ABOUT THIS TASK =
Reproduce each line of the material exactly, minus any picture.

DATA SECTION =
++++++++++

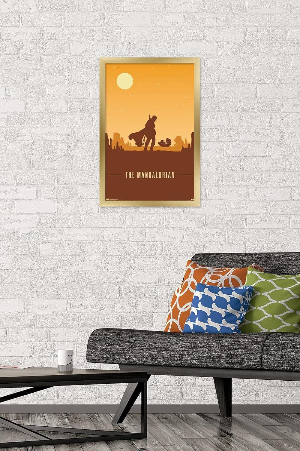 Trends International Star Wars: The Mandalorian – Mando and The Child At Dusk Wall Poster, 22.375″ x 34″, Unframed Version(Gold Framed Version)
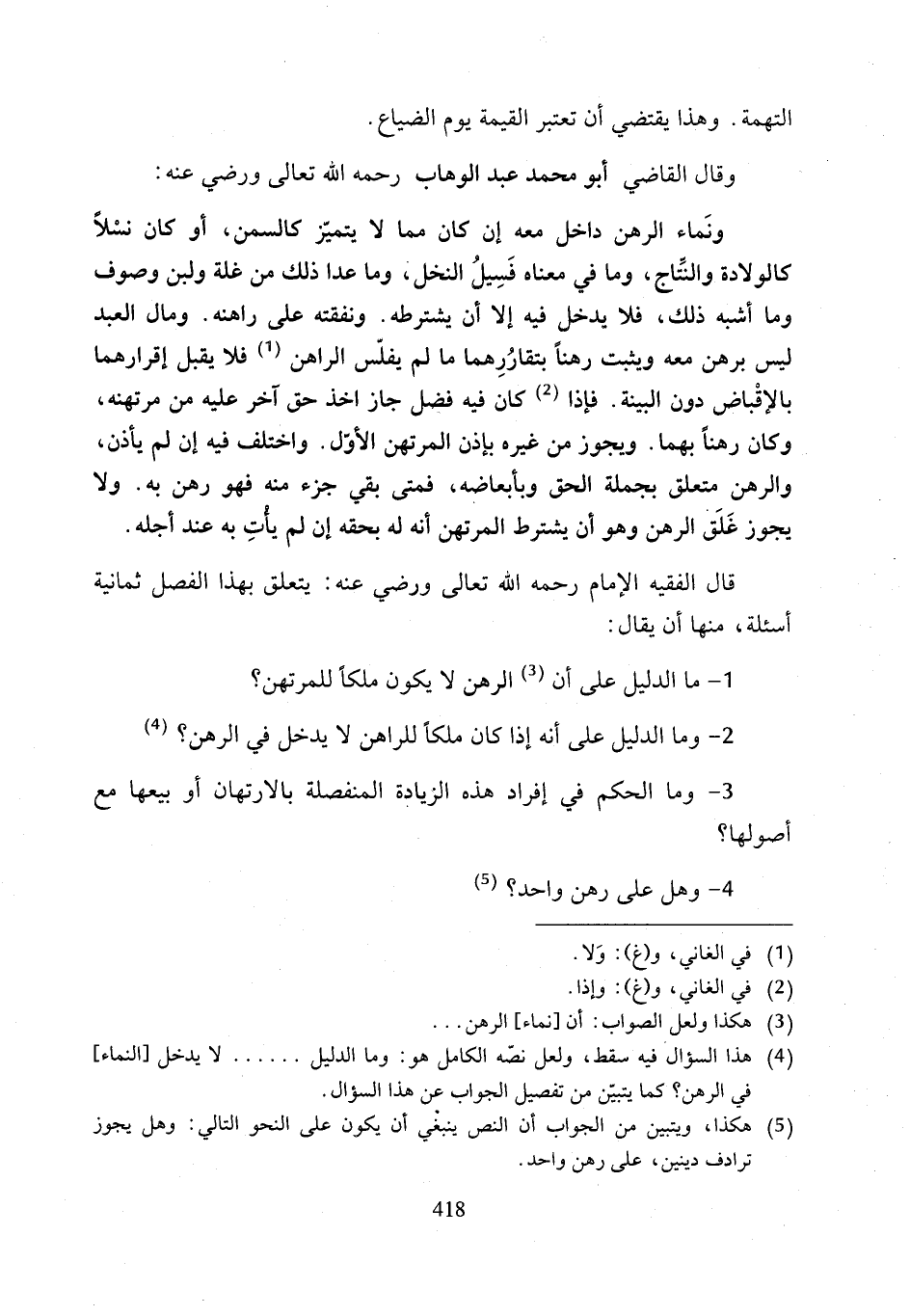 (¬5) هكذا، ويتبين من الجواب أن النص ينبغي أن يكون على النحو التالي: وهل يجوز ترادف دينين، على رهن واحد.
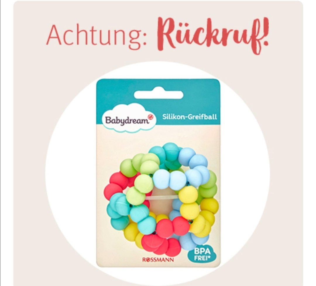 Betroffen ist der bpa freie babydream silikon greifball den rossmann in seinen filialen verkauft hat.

++++++++++

EXERCISE SOLUTION =
 Trends International Star Wars: The Mandalorian – Mando and The Child At Dusk Wall Poster, 22.375″ x 34″, Unframed Version(Gold Framed Version)
 (¬5) هكذا، ويتبين من الجواب أن النص ينبغي أن يكون على النحو التالي: وهل يجوز ترادف دينين، على رهن واحد.
 Betroffen ist der bpa freie babydream silikon greifball den rossmann in seinen filialen verkauft hat.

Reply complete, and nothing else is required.